Without question, heart disease is a serious enemy. In fact, it’s the biggest enemy. But you can take charge of your heart health, whatever its present state.

As I often like to say: Ipsa scientia potestas est, or knowledge is power. For that reason, the remainder of this book is full of information that can empower you to understand the basics about heart health and heart disease and partner with your physician in putting the power of simple lifestyle practices and medical technology to work for you. Taking control of your heart health offers other wonderful upsides for living well that include the following:

Improving your overall health: Many of the steps that benefit your heart health also improve your total health and fitness, to say nothing of your good looks.

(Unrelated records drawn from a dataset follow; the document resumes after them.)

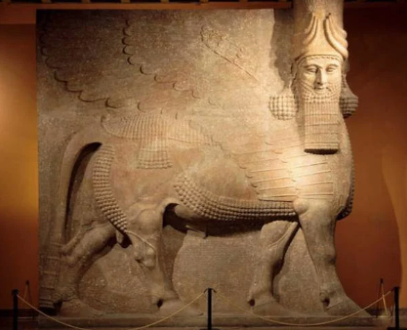 Крылатый бык с человеческой головой, известный как Ламассу из Дур-Шаррукина. Неоассирийский период, ок. 721–705 до н.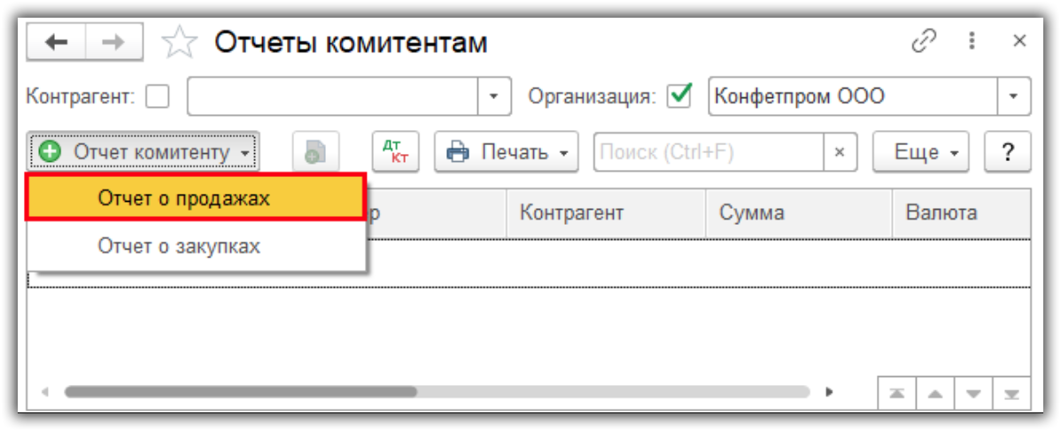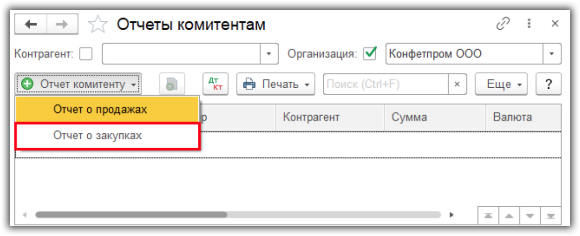 - В разделах «Покупки» — «Отчет комитенту».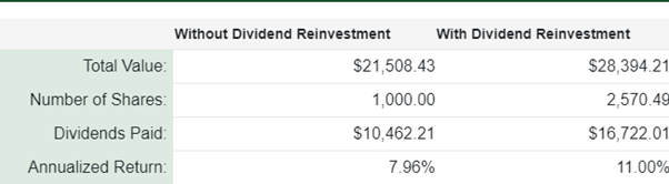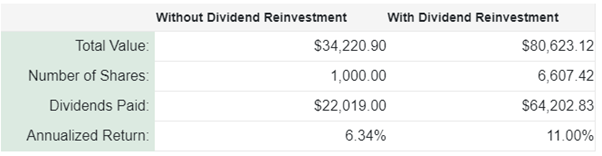 This highlights how important having as much time in the market as possible can make a huge difference to the overall returns of a reinvestment strategy/portfolio. The return for 10 years with reinvestment is around 1.32 times the amount for without reinvestment. Having the same investment for an extra 10 years will yield a return a result 2.35 times better than if the dividends are aid in cash.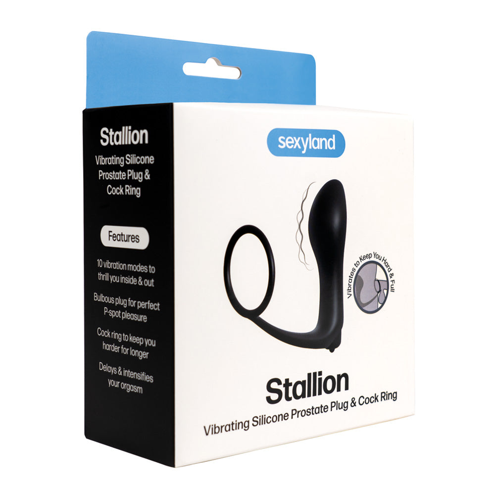 Enhance your performance and your pleasure all at once with Sexyland's Vibrating Stallion Silicone Prostate Plug & Cock Ring!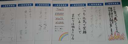 1年生の国語の宿題で取り組んだ、ここに展示される人権啓発標語の作品のうちのいくつかです。
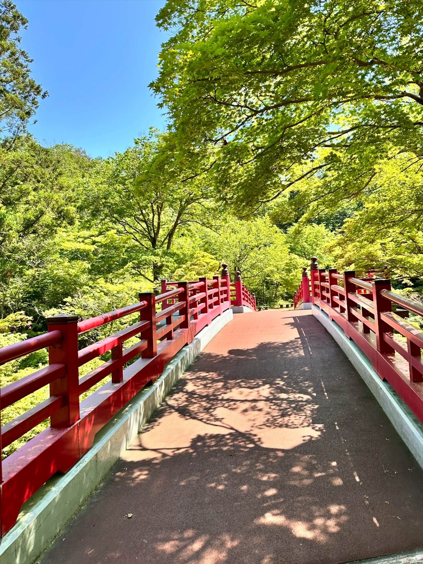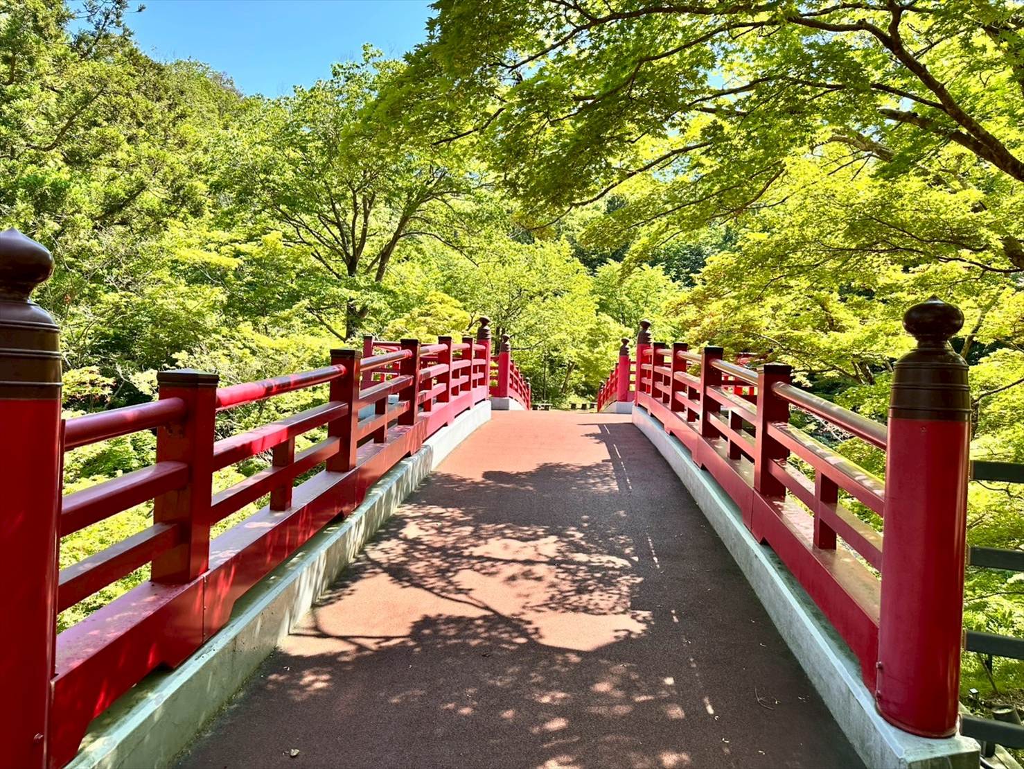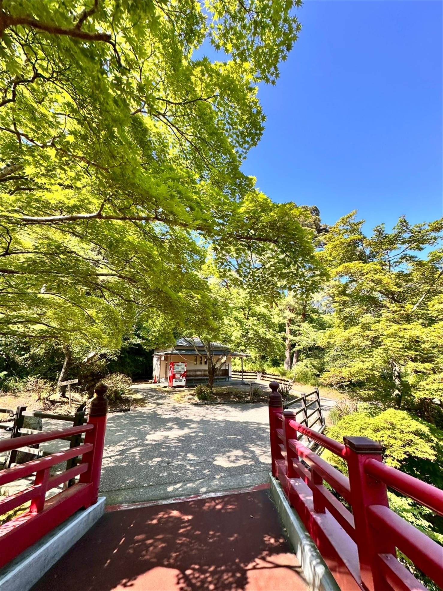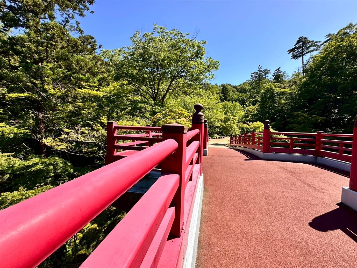 神社の中にかかっていそうな造形の橋で、どことなく鳥居を思い出させます。

Increasing functionality: Use it or lose it, goes the old saying. The healthier your heart, the greater the probability that you can stay active, mobile, and engaged in pursuits that interest you for a long, long time.

Increasing economic benefits: The healthier you are, the lower your healthcare costs, and the more money in your pocket for fun things.

Increasing longevity: Keeping your heart healthy is not an iron-clad guarantee that you’ll live longer, but considering the mortality rates of people with heart disease (reviewed earlier in this chapter), even card-carrying “Dummies” can figure out that keeping your heart as healthy as possible can keep the Grim Reaper away longer.

Having more fun: Nothing slows you down or scares the family like a heart attack. Angina pain, angioplasty, coronary artery bypass surgery, and other common outcomes of heart disease aren’t picnics in the park, either. Working for heart health and controlling heart disease can help you avoid these problems.